II. Dünya Savaşının hemen ertesinde, bölgesinde İnsan Haklarına Dayalı Avrupa Kamu Düzeni oluşturma gayesini çıkış noktası alarak 10 kurucu üye ülke tarafından 1949 tarihinde imzalanan Londra Anlaşması ile kurulan ve Türkiye’nin de üyesi olduğu Avrupa Konseyi, bünyesinde ürettiği yüzlerce anlaşma arasında, ülkeler arasında cezai alanda uluslararası adlî işbirliğine hukukî zemin teşkil edecek çok taraflı anlaşmalara da yer vermiştir. Türkiye, Avrupa Konseyi bünyesinde hazırlanan bu sözleşmelerin bir çoğuna taraf olmuş ve bu alanda –insan haklarına dayalı suç ve suçlulukla mücadele– adlı uluslararası kamu düzeninin oluşmasına katkıda bulunma iradesini ortaya koymuştur. Diğer taraftan, Türk hukukunda, Almanya, Avusturya gibi bazı Avrupa ülkelerinin aksine, Türkiye’nin uluslararası adlî işbirliği esas ve usullerini iç hukukta derli toplu olarak düzenleyen müstakil bir Adlî Yardımlaşma Kanunu bulunmamaktadır. Doktrinde ve uygulamacılar tarafından zaman zaman bu alanda müstakil bir yasa ihtiyacı ve temennileri dile getirilse de, bugüne değin bu görüşlere iltifat edilerek belirtilen türde bir yasal düzenlemeye gidilmemiş bulunmaktadır.
İşte bu noktada, tarafımızca, Türk hukukundaki yasa maddeleri gerekçelerine benzer, bazen de bunlardan da doyurucu açıklama ve anlaşma hükümlerinin sevk ediliş gerekçeleri ve geçirdikleri süreçler ile maddeler kaleme alınırken yapılan tartışmaları yansıtan –Açıklayıcı Raporlar–ın yabancı dilde olan metinlerinin Türkçe tercümelerinin, uygulamada buna en çok ihtiyaç duyan yasa uygulayıcılarına, bugüne değin ulaşmadığı görülmüştür.
Bu temel veriden hareketle, çalışmamızda, Anayasamızın 90. maddesi uyarınca Türkiye’nin uluslararası sözleşmesel yükümlülüklerinden olup, hukukumuzun ayrılmaz bir parçasını oluşturan ve kendilerine en sık başvurulan anlaşmalardan olan Ceza İşlerinde Karşılıklı Adlî Yardım Avrupa Sözleşmesi (CİKAYAS), Suçluların İadesine Dair Avrupa Sözleşmesi (SİDAS) ve Hükümlülerin Nakline Dair Avrupa Sözleşmesi (HÜNADAS) ile bunların Ek Protokollerinin (Türkiye’nin taraf olduğu) metinleri ile birlikte Açıklayıcı Raporlarının tercümeleri, ilgili diğer sözleşmeler ve kanunlar ile uygulamacılara yardımcı olmak amacı ile çıkarılan Adalet Bakanlığının konuya ilişkin Genelgesine yer verilmiştir.

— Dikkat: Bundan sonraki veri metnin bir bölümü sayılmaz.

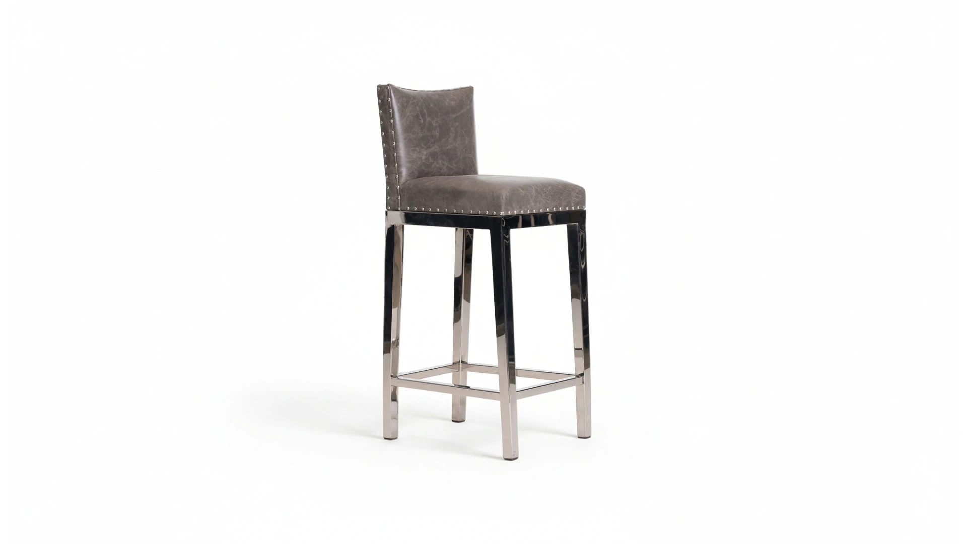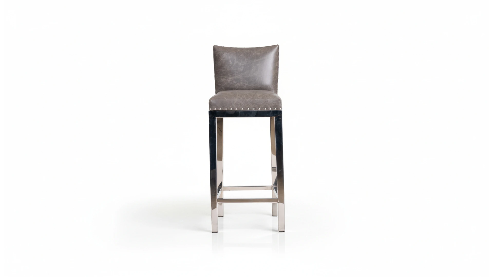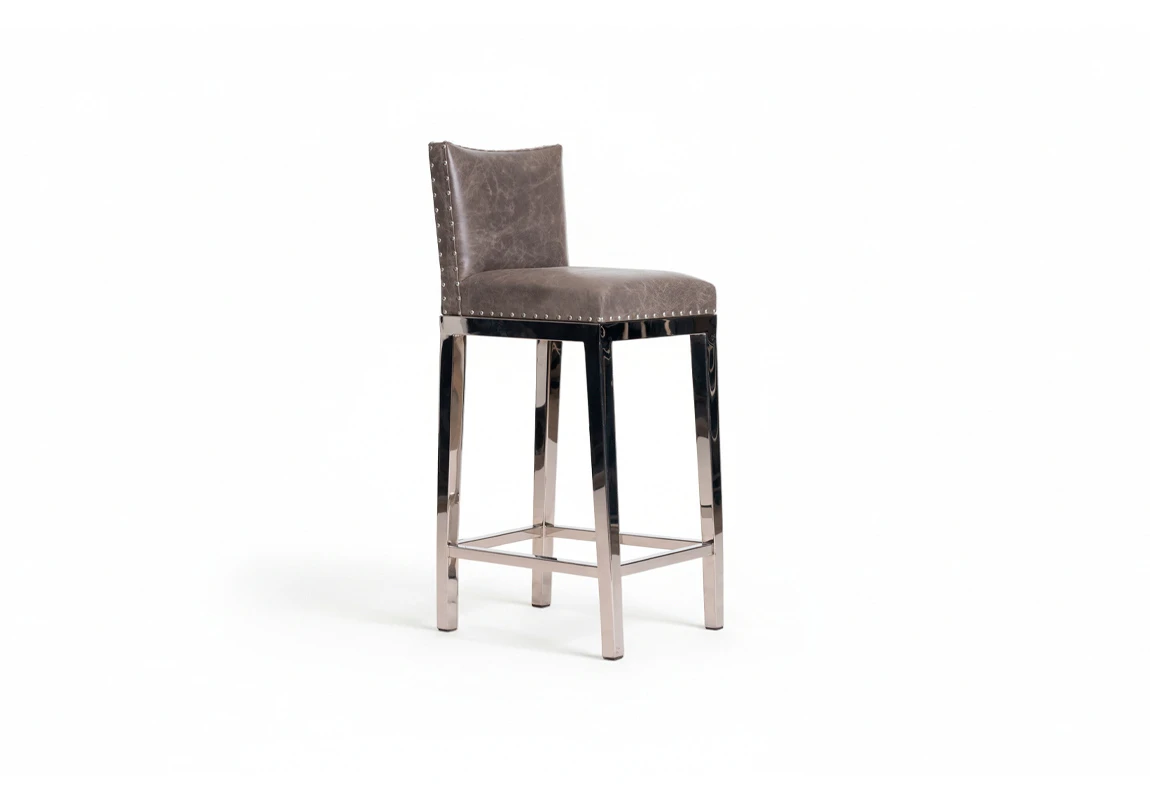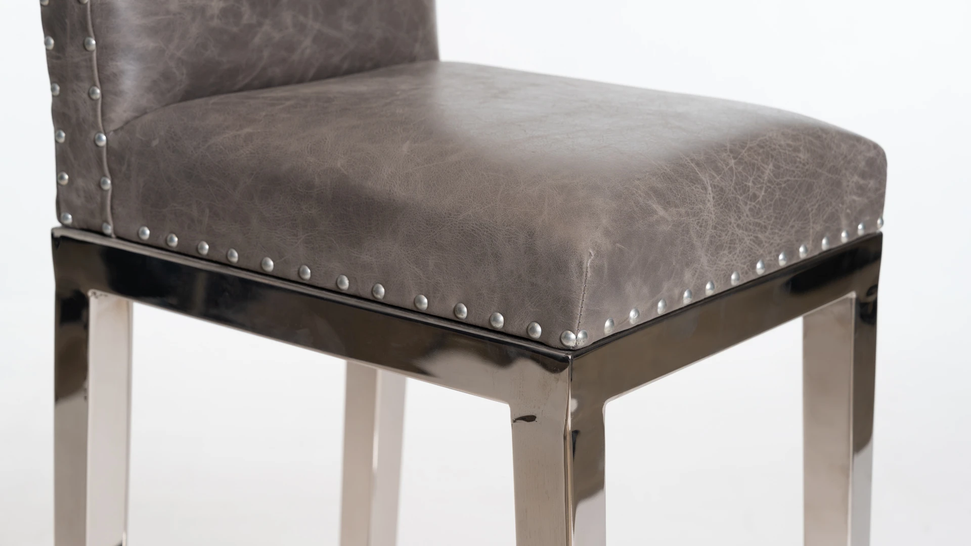 Taburete Jolie. Con una estructura fabricada en acero inoxidable pulido espejo. Tapizado con cuero Riviera color gris y terminado con tachas platil espaciadas. Producto de edición limitada. Consultar stock disponible. Precio final con descuento, incluye IVA y género. Para customizaciones que requieran un nuevo proceso de fabricación, se realizará una cotización especial

Bu şekilde uygulayıcının bulmakta ve yorumlamakta güçlüklerle karşılaştığı metinlere ve tercümelerine bir arada ve kolaylıkla ulaşmasının sağlanması suretiyle yardımcı olunması ve Türk hukukunda bu alanda bir boşluğun doldurulması amaçlanmıştır.